When I read this, for some reason, I pictured those gorgeous photos of barren lands beside these stretches of highway. These photos appear in art books about hiking and camping for weeks on end and in ads for Range Rovers. But reading the lines and imagining the wind and the loneliness and the sun and the road, it felt like a perfect caption for a big sprawling and beautifully sad image. Not that I’m saying your poetry reminds me of car ads. It doesn’t. Because the writing in car commercials is garbage and inconsequential. This line I’ve isolated positions the reader, and more effectively NOT the “I” poet voice – in this netherworld between doing sweet human things and the colossal crush of loneliness, all within the tornado of our life on this big earth. Can you talk about how you thought of the people in your poems?   

I think the poems are often reaching to bridge or highlight contradictions. We know we are killing the planet with fossil fuels, yet we drive cars. And when we are on the open road or in a vehicle of our own, we often feel this great sense of freedom and agency, when really, we are contributing to enormous destruction and to our own demise.

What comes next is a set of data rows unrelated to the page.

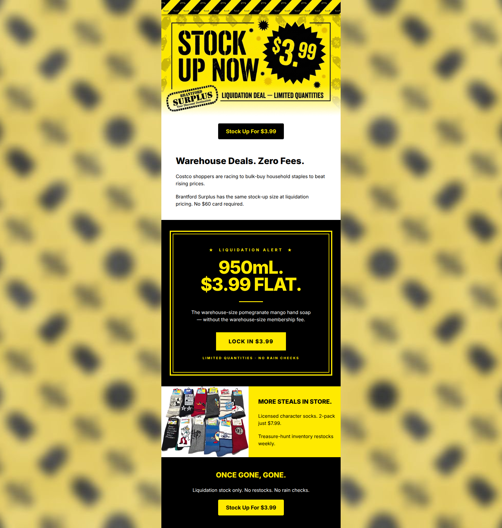 71/100This email nails the brand's aggressive, utilitarian tone and leverages high-contrast design effectively to create urgency. The copy is tight and directly attacks customer pain points like inflation and competitor membership fees. However, it suffers from a massive execution flaw: the hero section aggressively pushes a $3.99 price point but completely fails to show or name the product being sold. Users are asked to click before they even know what they are buying. Furthermore, introducing a secondary offer (socks) with a different destination link dilutes the primary conversion goal. Fixing the hero context and removing distractions will drastically improve click-through rates.
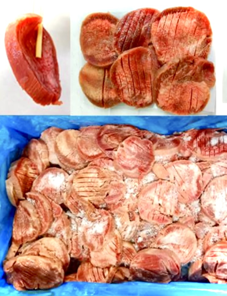 | 原材料: | 牛タン(ポーランド)、食塩、ぶどう糖、卵粉末、コショウ/リン酸塩(Na)、pH調整剤、調味料(アミノ酸等)、ソルビット、増粘多糖類、(一部に卵、牛肉を含む) |
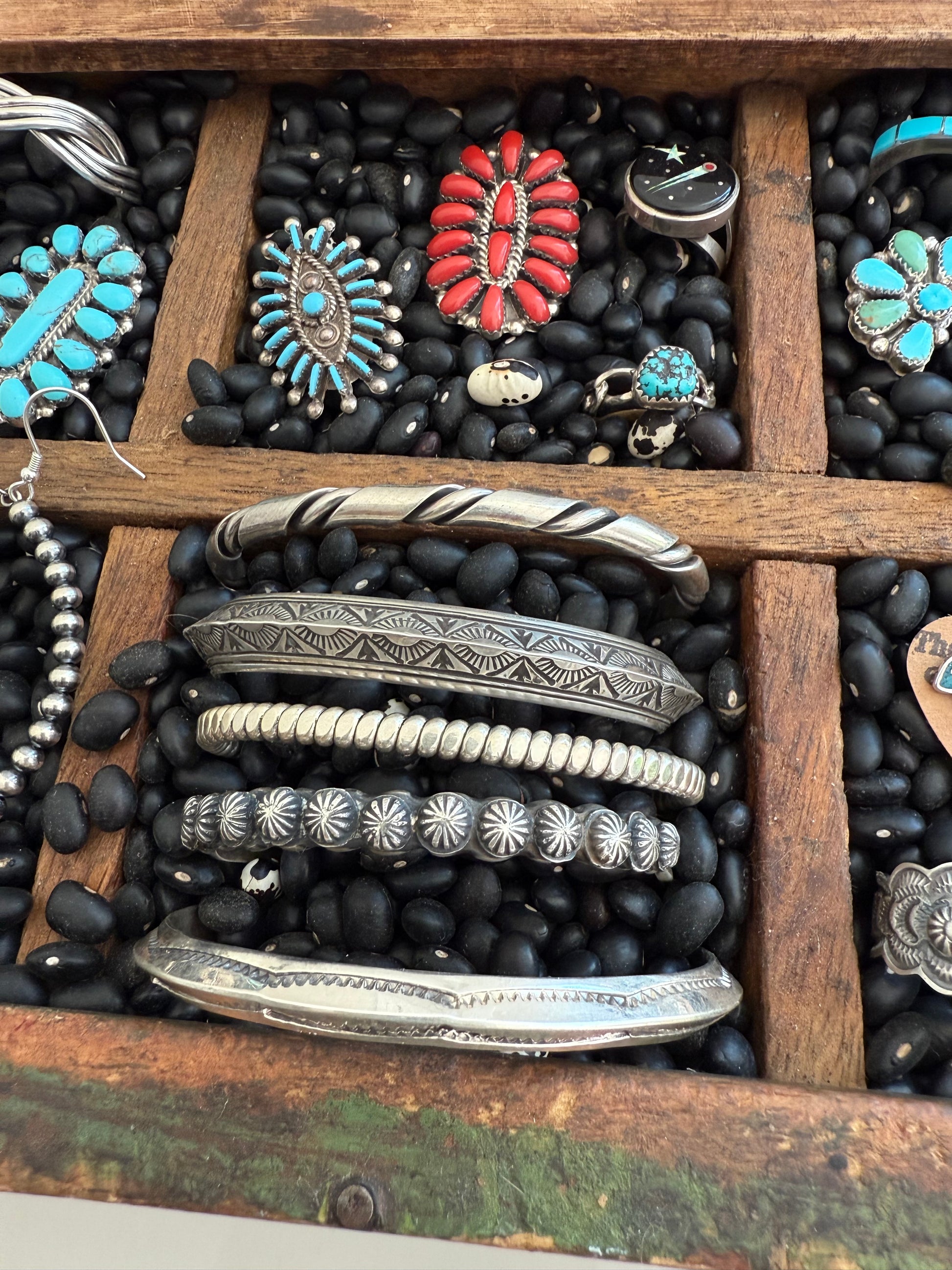 Super comfortable but also makes a statement. This is a must have in everyone’s collection! Matches perfectly with the cluster studs. Slim Split shank for a super comfortable fit. True to size! Sterling silver Native American made in the USA.
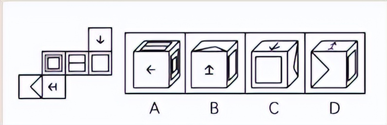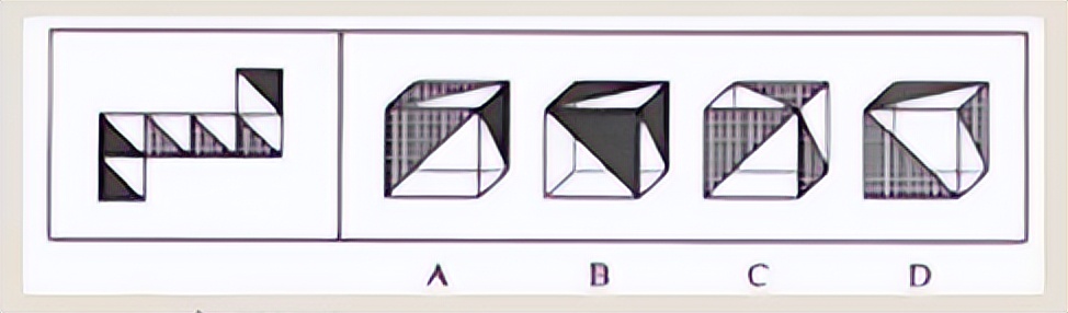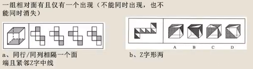 注释:首先C是不对的,三个面相邻不会同时出现在画面里。B选项中,两端的三角图案已经构成Z字形两端,所以他们两个 是像对面,不会出现在一个画面里;C选项中,图案的放置顺序是不一样的,是点对点的,所以D选项也不正确。故选A。
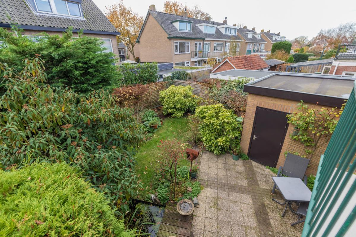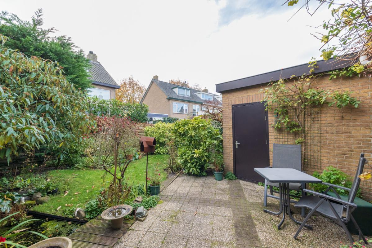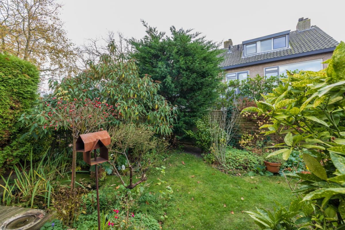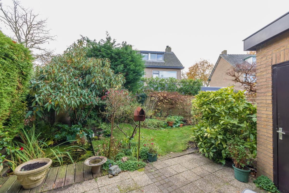 Tuin: De ruime voortuin (8,5 meter diep, 9,7 meter breed) heeft een royale oprit met parkeergelegenheid voor 2 auto’s op eigen terrein. De voortuin is heerlijk groen aangelegd en biedt hierdoor privacy vanaf de straat. Ook de achtertuin is fraai aangelegd met een terras, vijver, gazon en groene borders. De zonnige achtertuin ligt op het zuidwesten waardoor er heerlijk van de zon genoten kan worden.
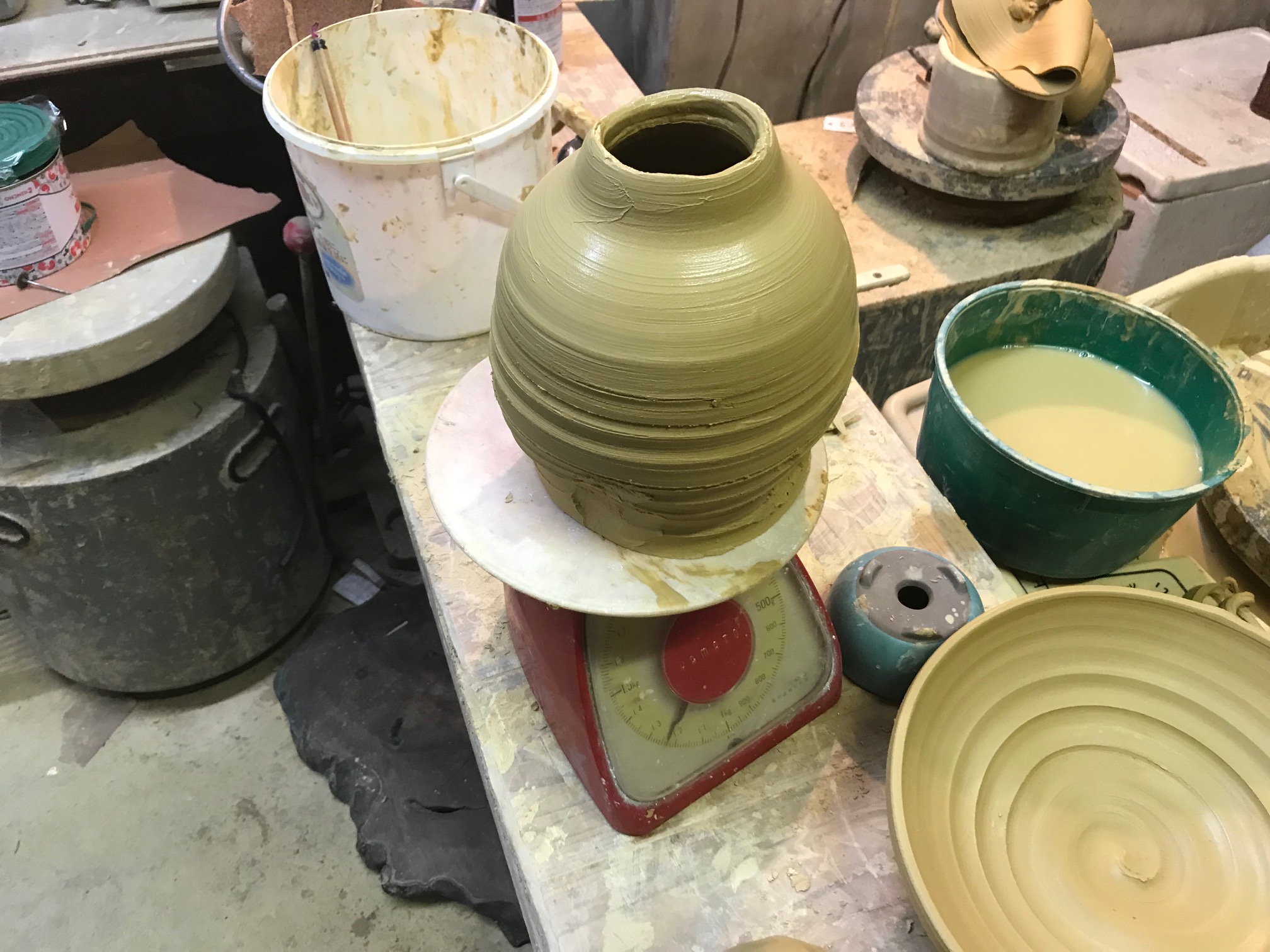 手びねりと電動ろくろで作品を1つずつ作ることができます。
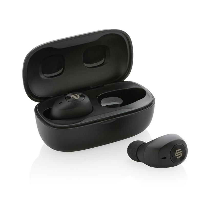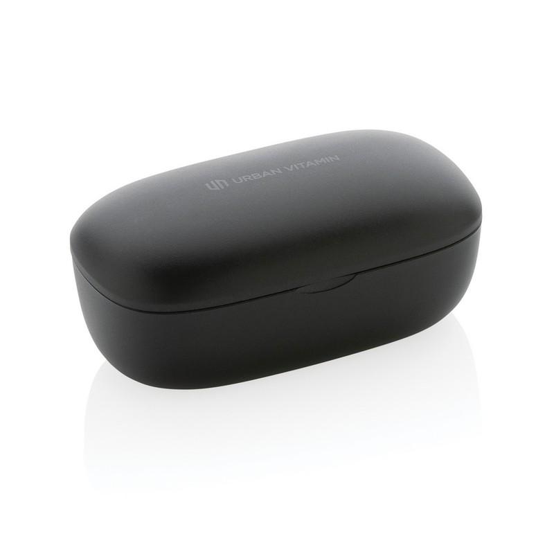 Bezprzewodowe słuchawki douszne, wykonane z ABS z recyklingu z certyfikatem RCS, całkowita zawartość materiałów z recyklingu obliczone na podstawie wagi całkowitej przedmiotu: 55%, funkcja redukcji szumów otoczenia podczas rozmów (ENC), wbudowane 2 mikrofony, funkcja odbierania połączeń, wodoodporne IPX4, dotykowy panel sterowania, do 6 godzin odtwarzania na jednym ładowaniu, etui ładujące zapewnia 20 godzin odtwarzania, nie zawiera PVC, opakowanie o zmniejszonej zawartości plastiku
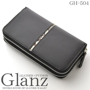 長財布Glanz牛革×蛇革ダブルファスナー長財布 GH-50
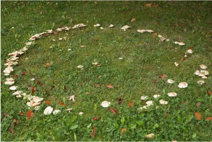草地上的蘑菇“仙女圈”(菌絲體向四周以相同速度輻射生長,同時產(chǎn)生子實體,因此長出的蘑菇排列成圓環(huán)狀)|圖源:Ancient Origins

I think the human in these poems is a wrestling and reckoning with our own contradictions, the absurdity of what it even means to be human in what feels like end times of our own making. There is a sweetness and a beauty and poignancy to existing as a human on the earth right now, and there is a madness and a total sense of denial to it too. I wanted to capture that when I was wrestling with the humans in the poems, to do both, celebrate the frailty, and magnificence of being human, and allow for our flaws, our lack of acceptance of reality, this balancing on a knife’s edge of celebrating life at the same time as we are destroying it.

About the Author

Talya Rubin is a poet and performance maker. Her poetry won the Bronwen Wallace Award for Emerging Writers. In 2011, she was short-listed for the Montreal International Poetry Prize and the Winston Descant/Collins prize for Best Canadian poem. And in 2019 she had a poem on the CBC Poetry Prize long list. Talya won the Battle of the Bards at Harbourfront, Toronto and was invited to attend IFOA (International Festival of Authors) in 2015. Her first book of poetry, Leaving the Island, was published with Vehicule Press in April 2015. Talya holds an MFA in Creative Writing from UBC and currently lives in Fremantle, Western Australia with her husband and young son. She also runs an interdisciplinary performance company, Too Close to the Sun and has toured her work to Arts House, Performance Space, Brisbane Powerhouse, Brisbane Festival, Vitalstatistix, UNO festival, Summerworks, Wildside and Theatre La Chapelle. Talya has taught workshops at Sydney University, McGill University, NIDA (National Institute of Dramatic Arts), AFTRS (Australian Film Television and Radio School) and the Darlinghurst Theatre and has been on a jury committee for the CBC Poetry Prize in Canada and the Montreal International Poetry Prize. Her second book of poetry entitled, Iceland is Melting and So Are You​ was published by Book*hug press in October 2021.

Nathaniel G. Moore is a writer, artist and publishing consultant grateful to be living on the unceded territory of the Wolastoqiyik (Maliseet) and Mi'kmaq peoples.